• **INPUT MATERIAL**:
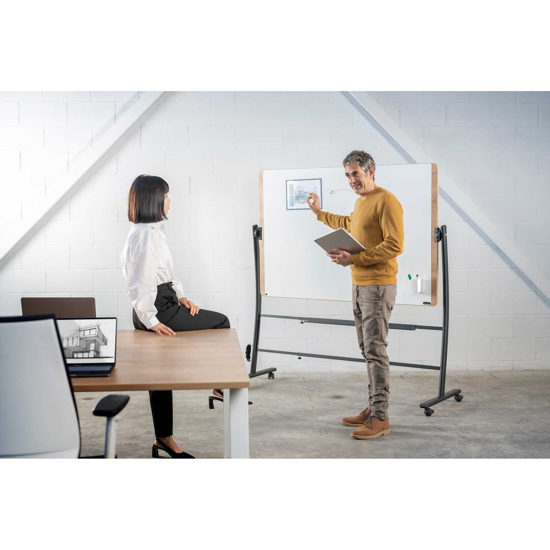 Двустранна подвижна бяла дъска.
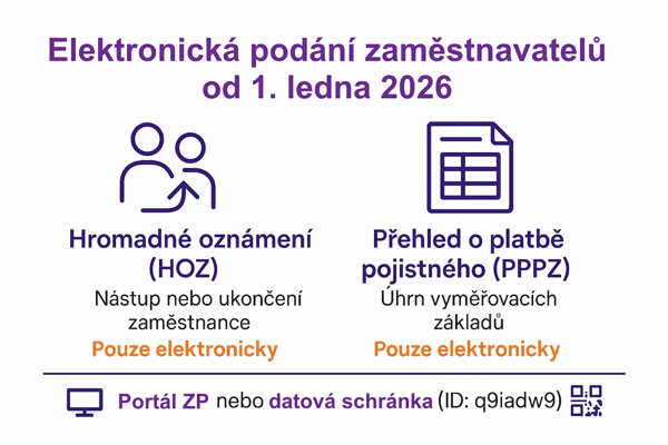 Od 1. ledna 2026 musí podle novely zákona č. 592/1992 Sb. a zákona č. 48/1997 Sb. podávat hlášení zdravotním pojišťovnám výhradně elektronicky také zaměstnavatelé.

==

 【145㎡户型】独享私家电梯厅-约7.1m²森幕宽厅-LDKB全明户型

* * *

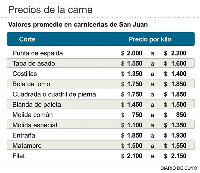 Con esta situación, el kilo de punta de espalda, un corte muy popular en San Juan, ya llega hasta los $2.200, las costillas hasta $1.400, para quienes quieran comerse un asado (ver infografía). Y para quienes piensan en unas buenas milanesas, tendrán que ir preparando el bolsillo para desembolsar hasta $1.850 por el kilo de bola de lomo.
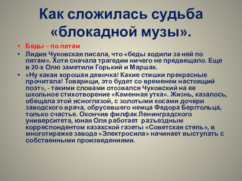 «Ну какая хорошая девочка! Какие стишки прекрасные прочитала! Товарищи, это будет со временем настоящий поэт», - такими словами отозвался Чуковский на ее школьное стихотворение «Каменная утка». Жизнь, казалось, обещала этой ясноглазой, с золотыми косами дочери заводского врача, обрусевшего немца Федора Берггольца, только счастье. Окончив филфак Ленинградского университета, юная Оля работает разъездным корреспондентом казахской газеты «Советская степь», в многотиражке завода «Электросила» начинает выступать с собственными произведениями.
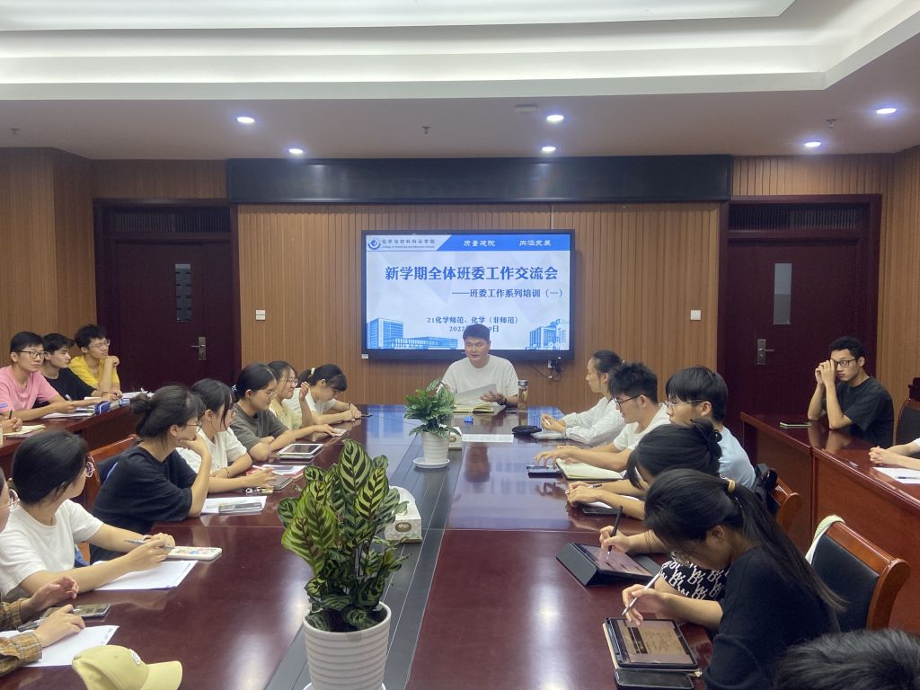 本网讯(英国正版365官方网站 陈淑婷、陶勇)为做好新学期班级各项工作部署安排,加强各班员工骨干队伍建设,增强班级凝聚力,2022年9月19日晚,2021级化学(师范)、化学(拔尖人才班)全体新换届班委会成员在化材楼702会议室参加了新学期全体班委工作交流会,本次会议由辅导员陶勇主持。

• **PROBLEM**:
Go down the entries above from the line containing "Двустранна подвижна бяла дъска." to the line containing "Od 1. ledna" and write out each line exactly, leaving pictures out.

• **SOLUTION**:
 Двустранна подвижна бяла дъска.
 Od 1. ledna 2026 musí podle novely zákona č. 592/1992 Sb. a zákona č. 48/1997 Sb. podávat hlášení zdravotním pojišťovnám výhradně elektronicky také zaměstnavatelé.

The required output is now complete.